### [REQUIREMENT]
Go to the line with "The Department of" in the records below, then output it and each following line exactly, up to and including the line with "Na přípravu jsem". Skip pictures and add nothing.

### [MATERIAL SHOWN]
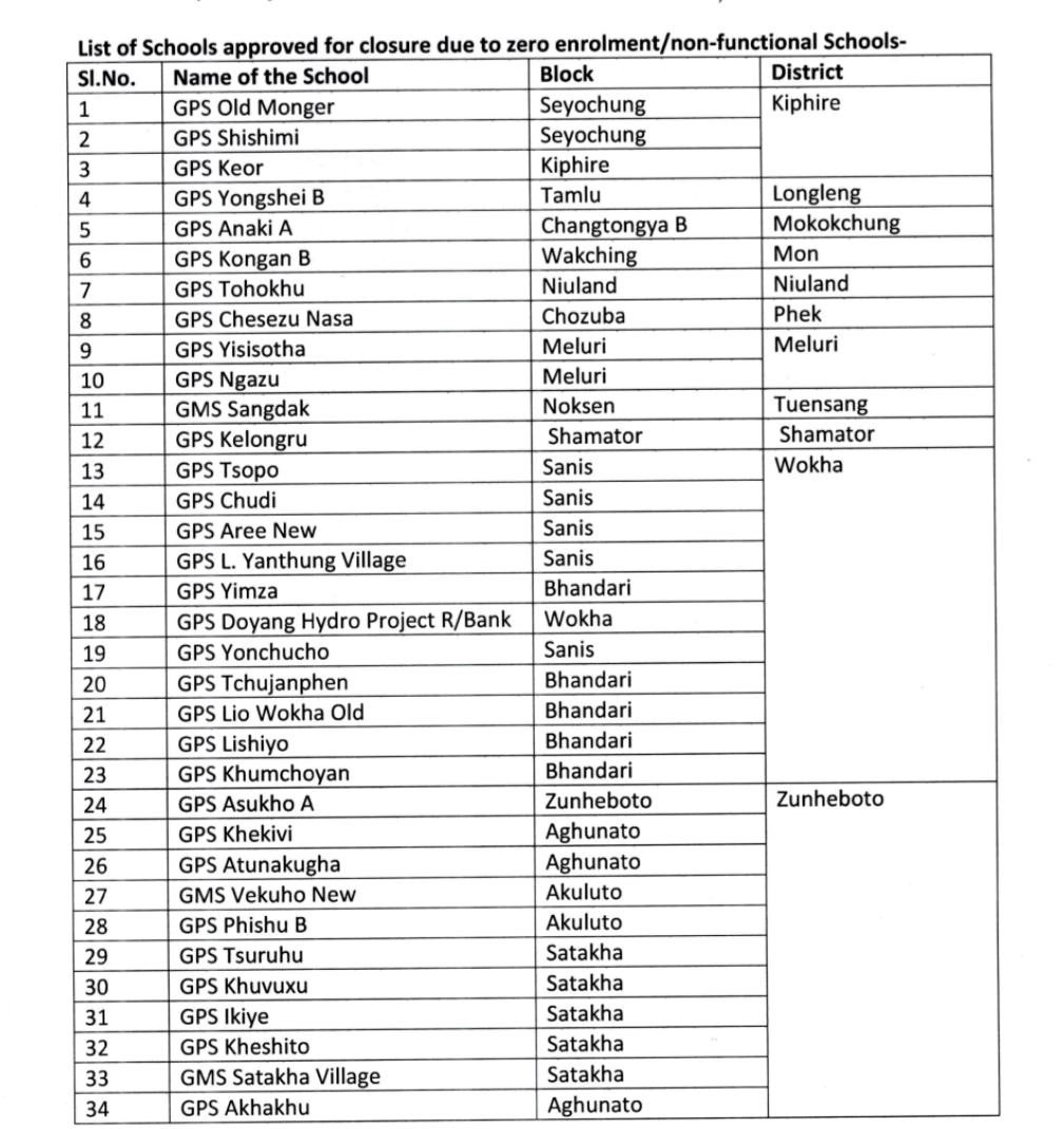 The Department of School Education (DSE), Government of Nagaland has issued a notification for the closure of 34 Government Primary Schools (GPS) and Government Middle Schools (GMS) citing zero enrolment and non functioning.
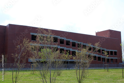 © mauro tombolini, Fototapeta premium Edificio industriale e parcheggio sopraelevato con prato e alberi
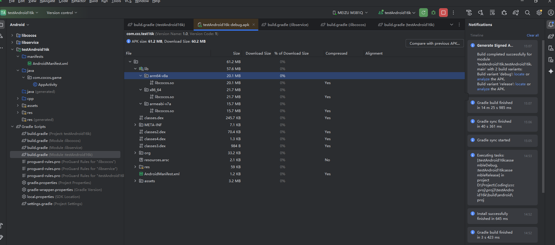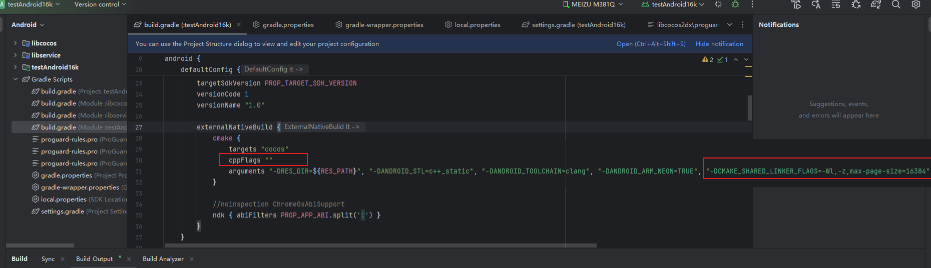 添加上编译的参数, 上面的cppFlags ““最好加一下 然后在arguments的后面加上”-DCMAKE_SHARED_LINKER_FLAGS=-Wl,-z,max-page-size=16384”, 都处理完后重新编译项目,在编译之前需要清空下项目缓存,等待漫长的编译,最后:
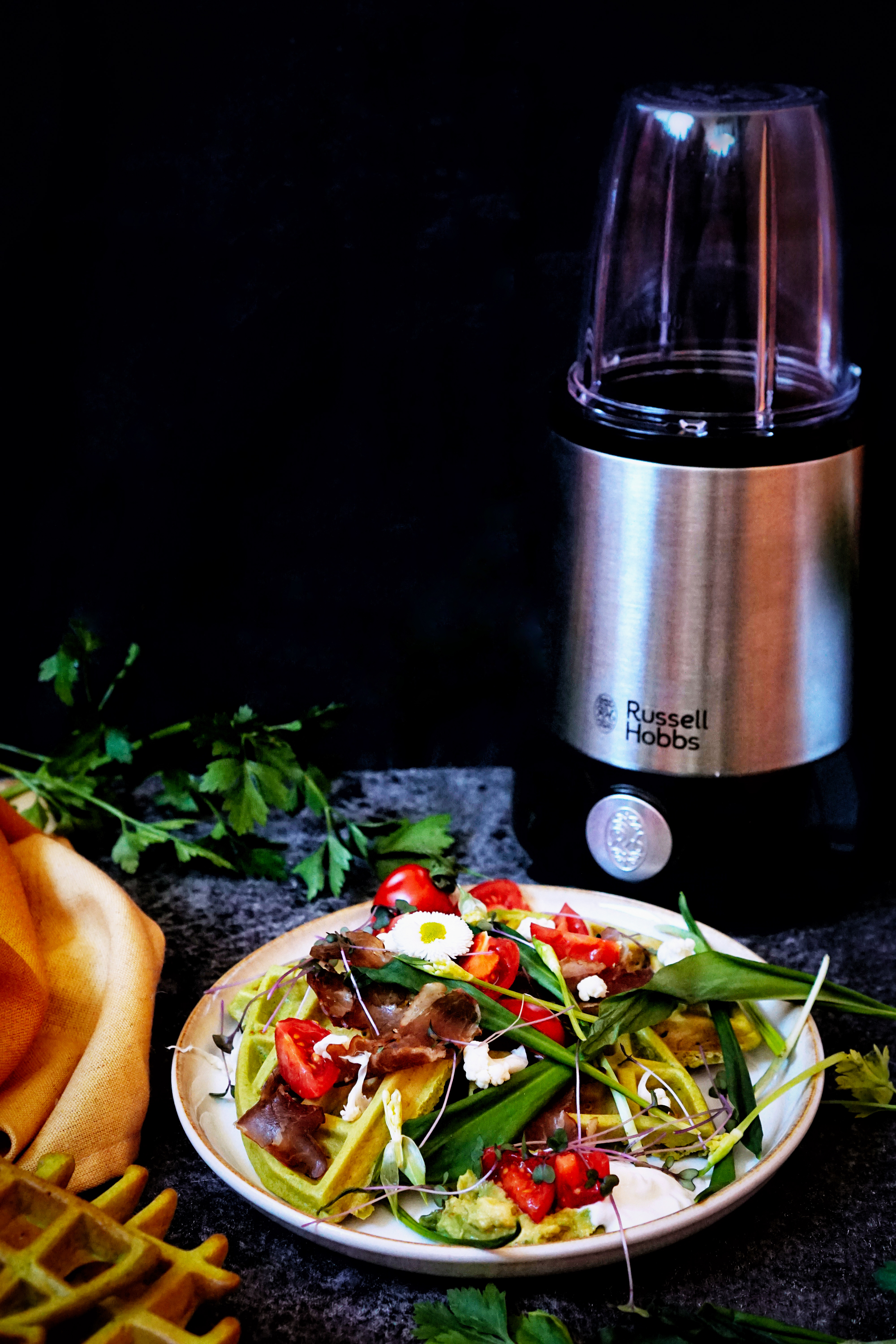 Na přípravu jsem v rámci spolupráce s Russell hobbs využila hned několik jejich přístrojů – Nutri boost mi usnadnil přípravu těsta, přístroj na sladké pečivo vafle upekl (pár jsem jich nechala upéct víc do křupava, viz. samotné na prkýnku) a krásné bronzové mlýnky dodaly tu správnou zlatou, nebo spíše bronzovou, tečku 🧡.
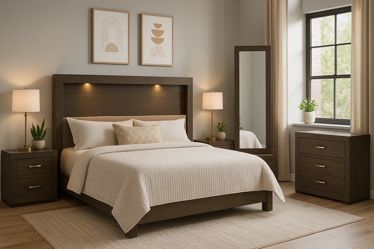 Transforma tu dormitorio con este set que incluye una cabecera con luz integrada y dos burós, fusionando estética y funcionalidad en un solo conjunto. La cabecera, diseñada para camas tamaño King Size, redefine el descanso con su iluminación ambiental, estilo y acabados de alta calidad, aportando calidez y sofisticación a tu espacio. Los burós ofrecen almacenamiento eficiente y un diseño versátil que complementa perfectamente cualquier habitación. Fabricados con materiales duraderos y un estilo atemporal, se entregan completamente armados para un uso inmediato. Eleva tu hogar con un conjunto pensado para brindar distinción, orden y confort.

* * *

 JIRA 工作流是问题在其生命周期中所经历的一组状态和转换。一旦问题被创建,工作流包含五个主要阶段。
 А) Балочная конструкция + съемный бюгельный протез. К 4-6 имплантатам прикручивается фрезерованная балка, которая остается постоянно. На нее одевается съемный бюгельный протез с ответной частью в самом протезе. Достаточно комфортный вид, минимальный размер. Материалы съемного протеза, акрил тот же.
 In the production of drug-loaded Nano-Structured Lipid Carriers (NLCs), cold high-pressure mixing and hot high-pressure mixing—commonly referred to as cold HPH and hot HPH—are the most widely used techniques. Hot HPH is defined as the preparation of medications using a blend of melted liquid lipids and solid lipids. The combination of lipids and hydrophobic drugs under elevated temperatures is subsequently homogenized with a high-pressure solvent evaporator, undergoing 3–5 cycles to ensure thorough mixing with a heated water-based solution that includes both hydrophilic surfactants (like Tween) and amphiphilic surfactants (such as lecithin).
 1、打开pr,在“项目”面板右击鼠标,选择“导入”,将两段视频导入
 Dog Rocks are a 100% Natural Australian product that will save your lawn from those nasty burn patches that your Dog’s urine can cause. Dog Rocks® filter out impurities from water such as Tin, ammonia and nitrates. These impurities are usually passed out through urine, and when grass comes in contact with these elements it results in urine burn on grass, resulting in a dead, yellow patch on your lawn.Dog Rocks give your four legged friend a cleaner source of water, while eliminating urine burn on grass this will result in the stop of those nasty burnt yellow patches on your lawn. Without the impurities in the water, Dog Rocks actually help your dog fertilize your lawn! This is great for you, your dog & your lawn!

### [ANSWER]
 The Department of School Education (DSE), Government of Nagaland has issued a notification for the closure of 34 Government Primary Schools (GPS) and Government Middle Schools (GMS) citing zero enrolment and non functioning.
 © mauro tombolini, Fototapeta premium Edificio industriale e parcheggio sopraelevato con prato e alberi
 添加上编译的参数, 上面的cppFlags ““最好加一下 然后在arguments的后面加上”-DCMAKE_SHARED_LINKER_FLAGS=-Wl,-z,max-page-size=16384”, 都处理完后重新编译项目,在编译之前需要清空下项目缓存,等待漫长的编译,最后:
 Na přípravu jsem v rámci spolupráce s Russell hobbs využila hned několik jejich přístrojů – Nutri boost mi usnadnil přípravu těsta, přístroj na sladké pečivo vafle upekl (pár jsem jich nechala upéct víc do křupava, viz. samotné na prkýnku) a krásné bronzové mlýnky dodaly tu správnou zlatou, nebo spíše bronzovou, tečku 🧡.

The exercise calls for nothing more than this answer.